• BRIEF: For this exercise, copy exactly the lines below from the one with "Infinity symbol with" through the one with "93cm标准版-可可拿铁【7" and leave out the pictures.

• RECORDED INFORMATION:
--- START ---

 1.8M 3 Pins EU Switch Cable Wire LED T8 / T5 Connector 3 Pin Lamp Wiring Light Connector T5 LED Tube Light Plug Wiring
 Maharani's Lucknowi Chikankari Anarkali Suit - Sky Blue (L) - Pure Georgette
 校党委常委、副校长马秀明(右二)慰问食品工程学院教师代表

--- END ---
--- START ---

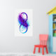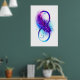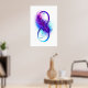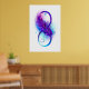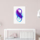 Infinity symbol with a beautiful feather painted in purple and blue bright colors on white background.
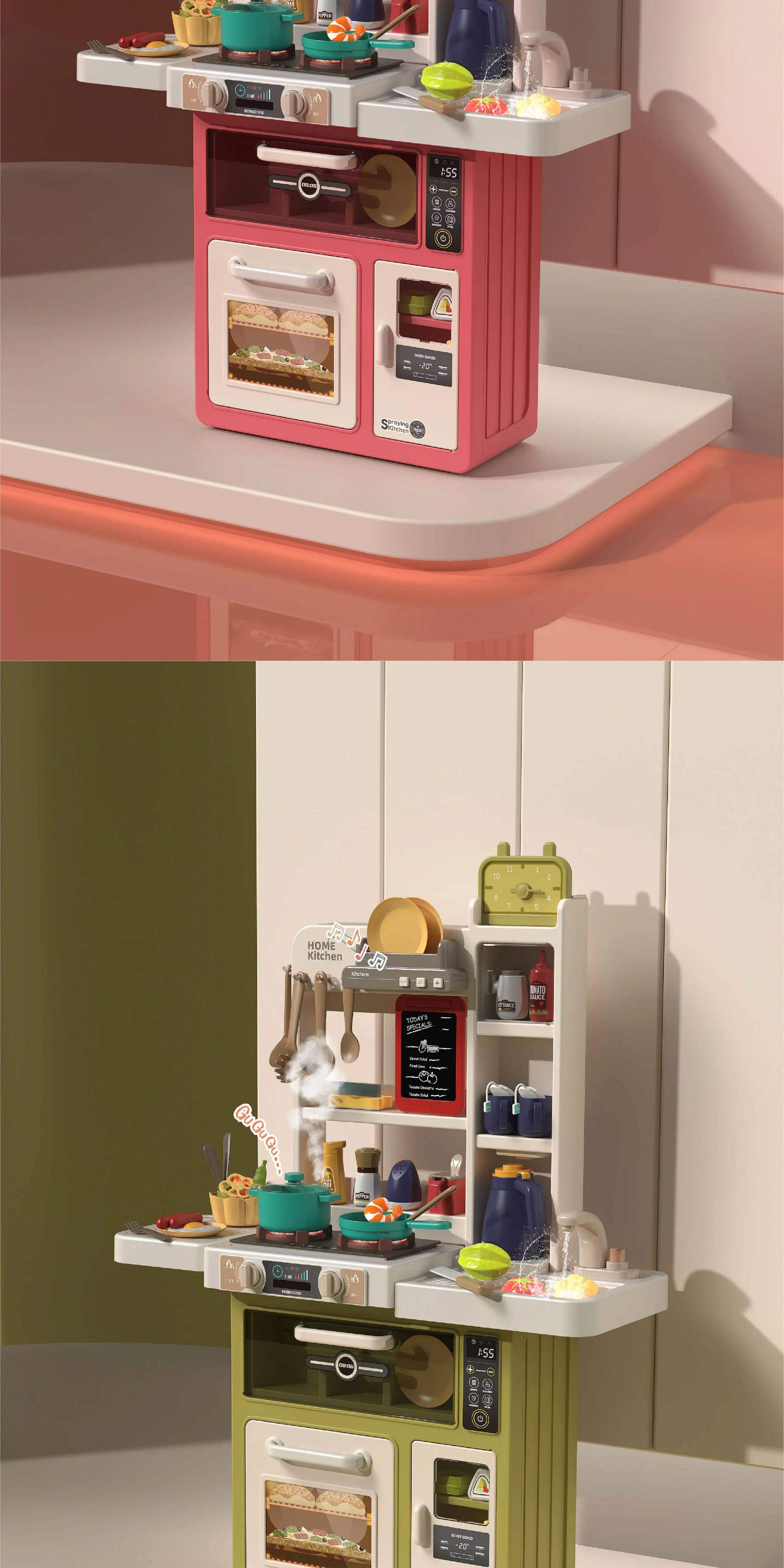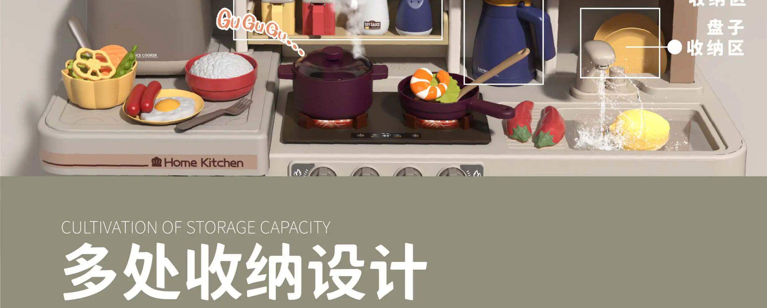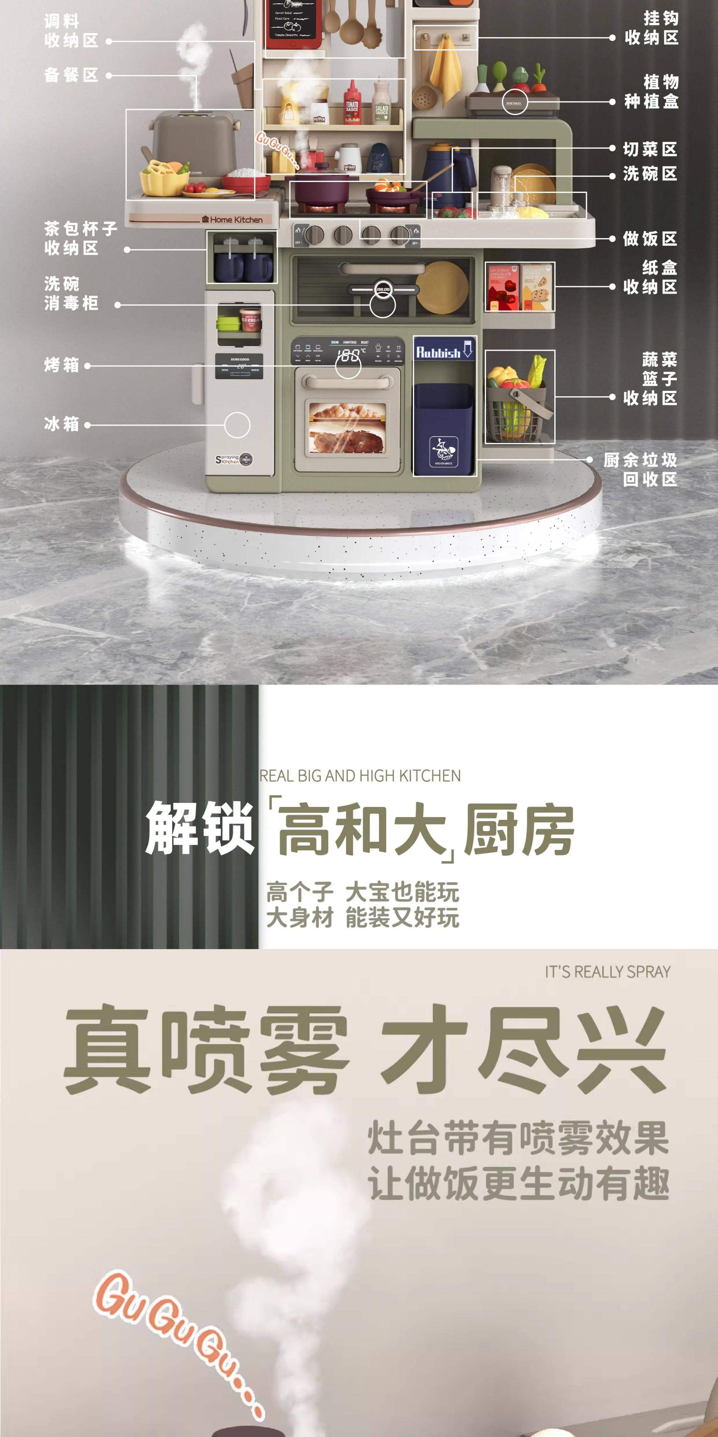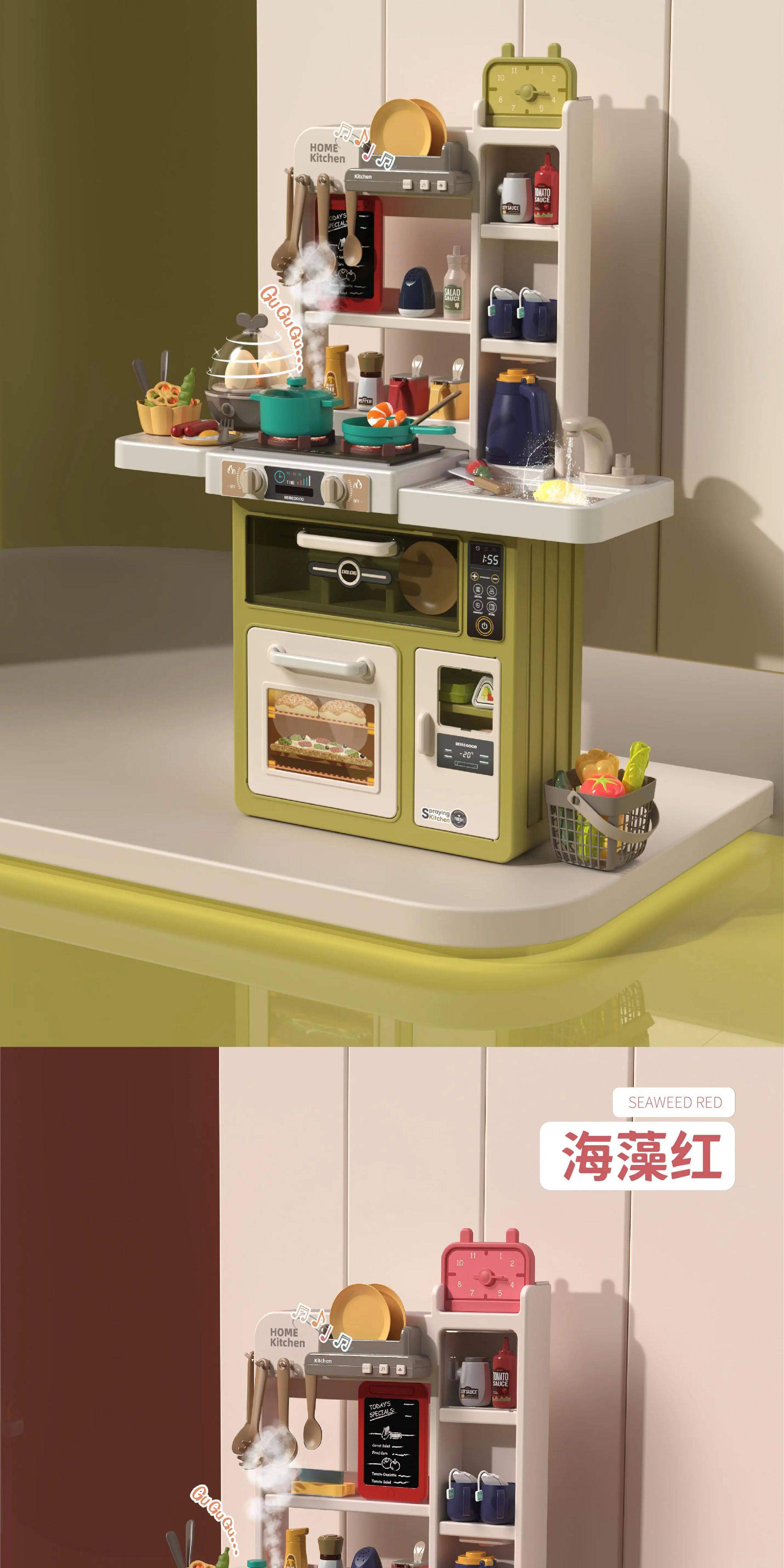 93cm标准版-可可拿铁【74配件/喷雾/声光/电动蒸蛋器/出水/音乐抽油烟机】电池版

--- END ---

• WORKED SOLUTION:
 Infinity symbol with a beautiful feather painted in purple and blue bright colors on white background.
 93cm标准版-可可拿铁【74配件/喷雾/声光/电动蒸蛋器/出水/音乐抽油烟机】电池版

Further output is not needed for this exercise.